Exploring the Apple Pippin ROM(s), part 7: A lot to digest - beefhash
https://blitter.net/blog/2019/05/04/exploring-the-pippin-roms-part-7-a-lot-to-digest
======
scarface74
On a mostly unrelated note. The Pippen was a badly designed and underpowered
even by 1996 standards. MacOS itself wasn’t completely PPC native and had a
large amount of 68K code in it.
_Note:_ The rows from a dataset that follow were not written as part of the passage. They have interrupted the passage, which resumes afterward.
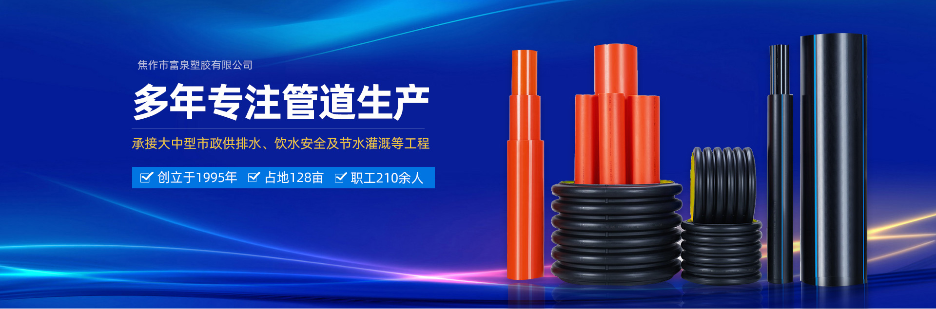 - 焦作市富泉塑胶有限公司,创立于1995年,是一家集研发、设计、生产、销售为一体的大型管材企业。公司位于太极故里、黄河之滨一一河南焦作温县。公司占地128亩,现有职工210余人,其中具有中技术职称的19人。生产、检验设备58台(套),包括PVC实壁管生产线11套、PE实壁管生产线12套、HDPE双壁波纹管生产线6套、PVC双壁波纹管生产线5套,检验设备14台(套)。主要产品有:Φ20mm-630mm、各种压力规格的PVCU、PVC-M、PE给水管材,PVC-U节水灌溉管材,HDPE燃气和矿用管材,DN200-800mm的HDPE、PVC双壁波纹管及各种喷灌、滴灌工程材料。承接大中型市政供排水、饮水安全及节水灌溉等工程?! 「蝗芙汗局厥硬返闹柿?、安全、环保和节能,在同行业中率先完成了“新华节水产品认证”,全方面通过ISO9001:2008国际质量管理体系、IS014001:2004环境管理体系和OHSAS18001职业健康安全管理体系的一体化导入,并建立起规范的现代企业管理体系。公司以“质量”为先导,采用质量跟踪、多环节把关的方法,组建具有行业水准的企业技术检测中心,常年委托水利部节水灌溉设备检测中心、河南省产品质量监督检验院对产品跟踪检测,并由中国人民保险公司承保产品质量。公司连续多年被河南省水利厅确定为“安全饮水设备、节水灌溉设备”定点生产企业,并获得“中国名优产品”“质量、服务、信誉AAA企业”“河南省**产品”“河南省水利企业”“河南省守合同、重信用企业”等荣誉称号。 富泉塑胶公司坚持“用户为上”的服务理念,长期以来,全方面关注客户价值,不断提升服务水平。服务队伍常年为客户的产品设计、施工、安装提供合理的方案和全程细致、周到、**、快捷的技术服务。公司自成立以来,一直坚持以人为本的宗旨,塑造企业形象,并致力于新产品的开发,凭借雄厚的技术开发能力,先进的工艺制造流程,严格的质量管理保证体系,优良的售后服务网络,已成为河南省大的饮水、灌溉及排水管材设备制造商。产品畅销全国,而且还以公司雄厚的综合实力在业界中占据着重要的地位。
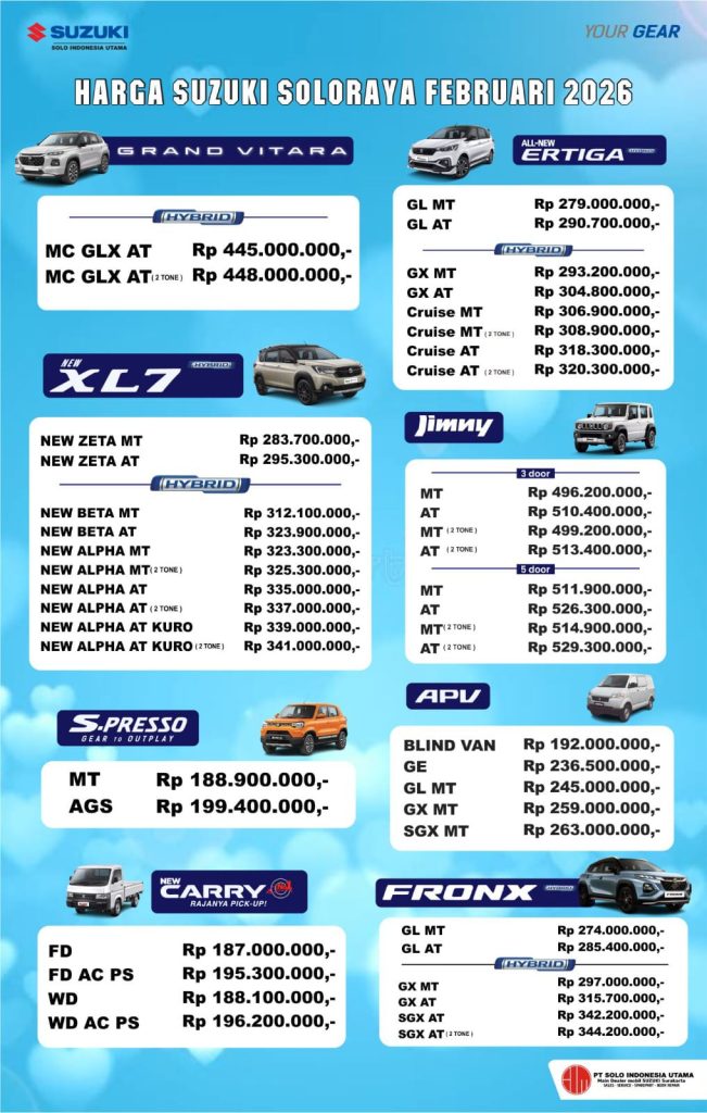 Suzuki Grand Vitara kembali hadir dengan peningkatan memukau dan karakter yang tajam. Dilengkapi mesin yang efisien dengan Smart Hybrid Vehicle by Suzuki (SHVS). Jelajahi setiap rintangan dengan beragam fitur terkini. Grand Vitara merupakan komitmen Suzuki dalam menghadirkan SUV yang handal. Informasi lebih lanjut silahkan kontak Sales Suzuki Soloraya kami berikan Promo Menarik ! Dan Pelayanan Terbaik…
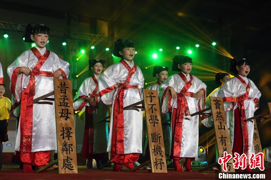 8月5日,“中国寻根之旅”的营员们结束了在北京的集结营活动,图为来自澳门的小营员们表演节目。中新社发 张家瑞 摄
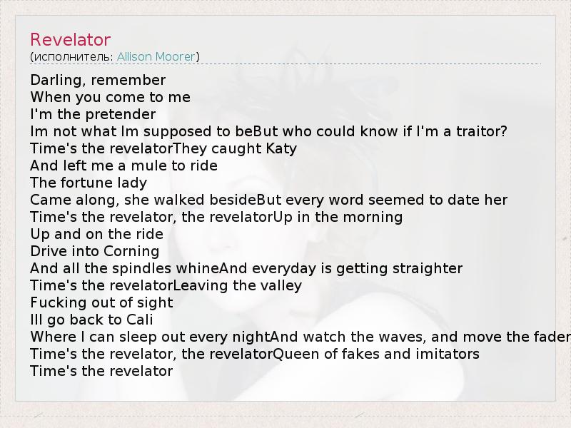 Time's the revelator, the revelatorQueen of fakes and imitators
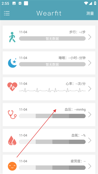 2、在主頁面,點(diǎn)擊血壓選項(xiàng)。

To make matters worse, the 603 had a smaller
slower cache than the older 601 and that made Apple’s built in 68K emulator
perform even worse than the 601. The 601-66Mhz processor in my PowerMac
6100/60 was already slower running 68K programs than my older LCII with a
68030-40Mhz accelerator card.

Add on top of that the increased memory requirements of the PPC based Macs,
the horrible memory management of Classic MacOS and the amount of memory in
the Pippen. Mac users knew that this thing was a turd. I remember
conversations on Usenet about it.

------
leshokunin
Funnily enough, I remember the gaming press being cautiously optimistic about
the Pippin. It was touted as a multimedia console hybrid. Back then, something
being Multimedia was a big marketing buzzword (think a bit like cloud or
blockchain). The general feeling I recall is similar to when Windows CE came
to the Dreamcast, or when the original Xbox launched.

------
tinus_hn
Pretty scary how the encryption is completely cracked. Even though it uses key
sizes known to be insecure I don’t think it is well known an attack is this
easy.